The release of the vesicles or bubbles by exocytosis begins with calcium influx into the synapse (the axon-to-dendrite junction between two neurons) through tiny pores or channels in the membrane. In this case the pores or channels are commonly known as calcium channels. Since neurons can fire impulses as frequently as 500 times a second, the calcium that flows into the synapses must be removed very rapidly to keep the process going.

After exocytosis, the vesicle membranes must be retrieved, and this process is also stimulated by an increase in calcium in the synapses. The channel that mediates this influx was unknown until Bellen and his colleagues identified it in an elegant series of experiments.

Interestingly, this channel is present in the vesicles. Hence, the vesicles carry the means to activate their own re-uptake.

A gene called flower

A genetic screen identified a novel gene called flower as coding for this channel. Dr. Chi-Kuang Yao, a postdoctoral fellow in Bellen’s laboratory, mapped the gene and showed that the corresponding protein is present in the membrane of synaptic vesicles. He then showed that fruit flies lacking this gene were less able to endocytose vesicles.
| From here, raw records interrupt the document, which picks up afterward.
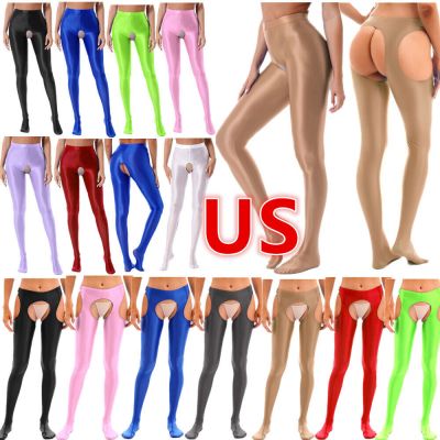 US Womens Glossy Tights Pantyhose Stretchy Open Crotch Seaml
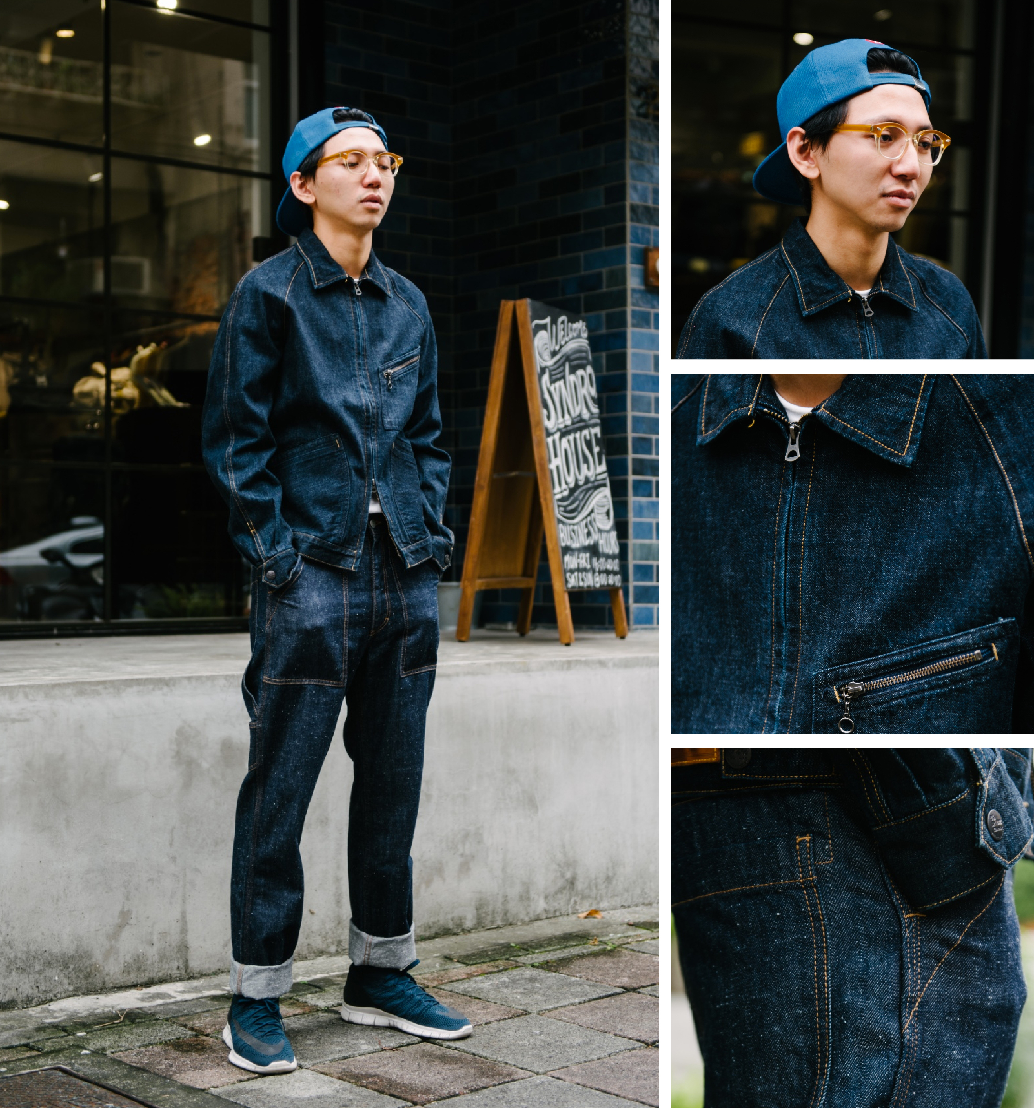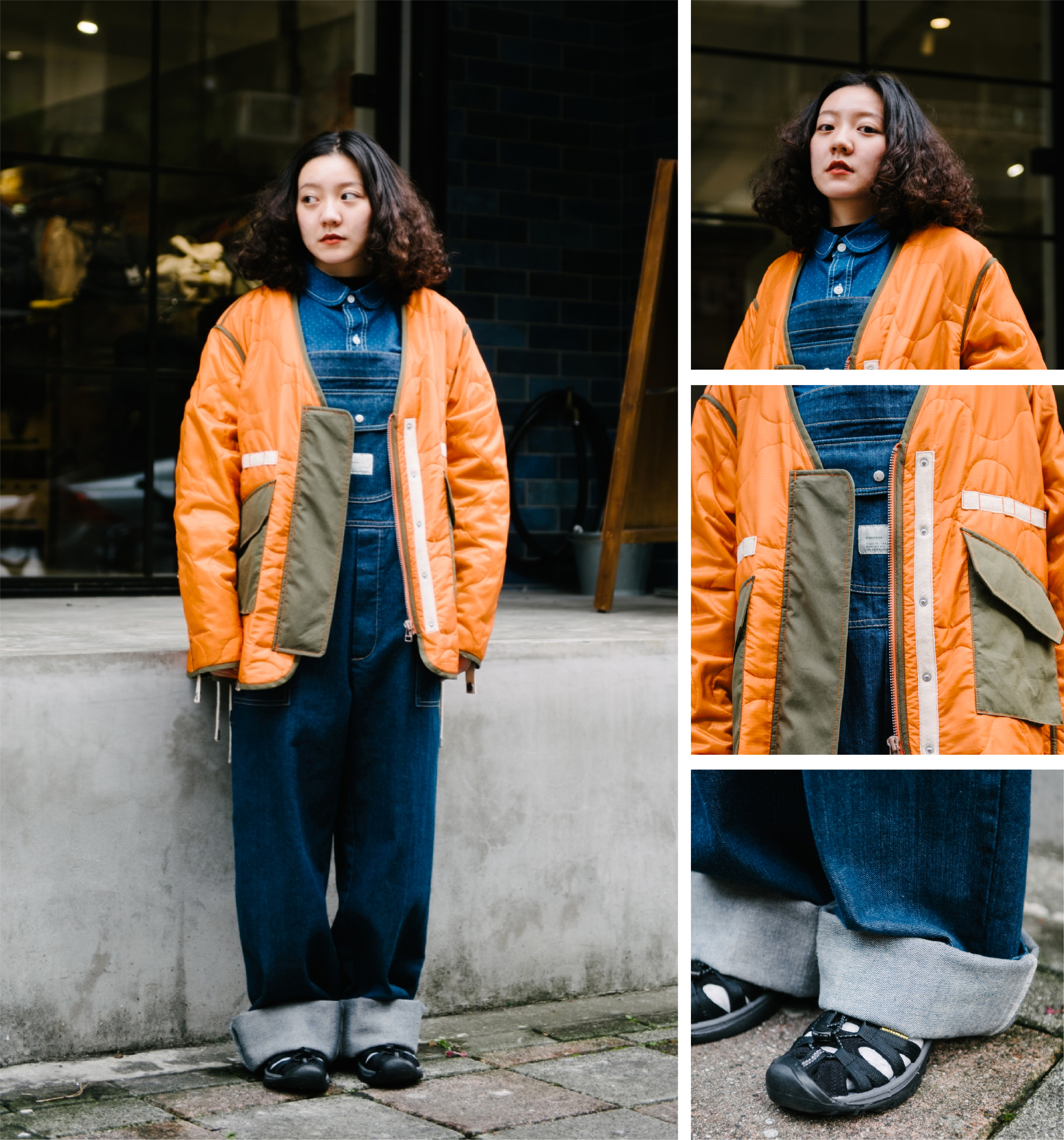「 OLD MINER 水玉點點襯衫配上赤耳邊丹寧連身牛仔褲,外搭橘色尼龍防撕裂軍用外套做為整身的穿搭亮點。」
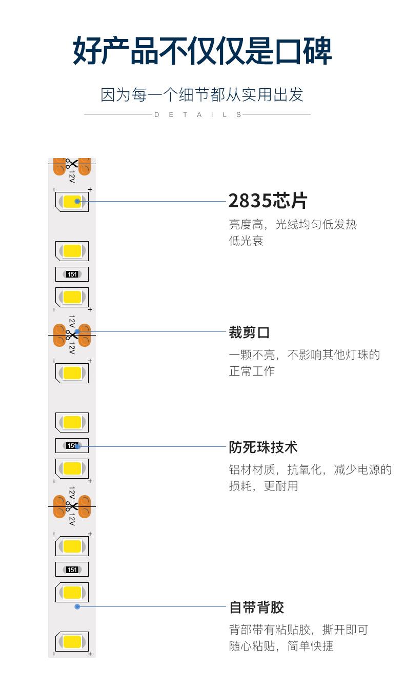 Neutral light/4000k 12v2835-120 light double plate casing with adhesive backing
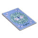 Girly and gorgeous personalised monogram name mandala dragonfly notebook. Features a soft blue mandala with four small blue and purple watercolor dragonflies on the outsides and a large dragonfly on the top centre of the mandala. Bluish purple background. Personalised with your name in a script font.

Direct experiments involved purifying the Flower protein, putting it into liposomes or artificial vesicles and showing that several copies of the protein can aggregate together and form a channel in membranes. When calcium was introduced into this system, it could enter the vesicle, showing that the protein allows calcium entry.

Vesicle carries its own destruction

“The vesicle carries its own channel to promote endocytosis,” said Bellen. “It is a simple regulatory system. The mechanism links exocytosis and endocytosis.”

Bellen is director of the BCM program in developmental biology and a Howard Hughes Medical Institute investigator.

Others who took part in this research include Yong Qi Lin, Cindy V. Ly, Tomoko Ohyama, Claire M. Haueter, Vera Y. Moiseenkova-Bell and Theodore G. Wensel, all of BCM.

Funding for this work came from the National Institute of Neurological Diseases and Stroke, the BCM Intellectual and Developmental Disabilities Research Center and the Howard Hughes Medical Institute.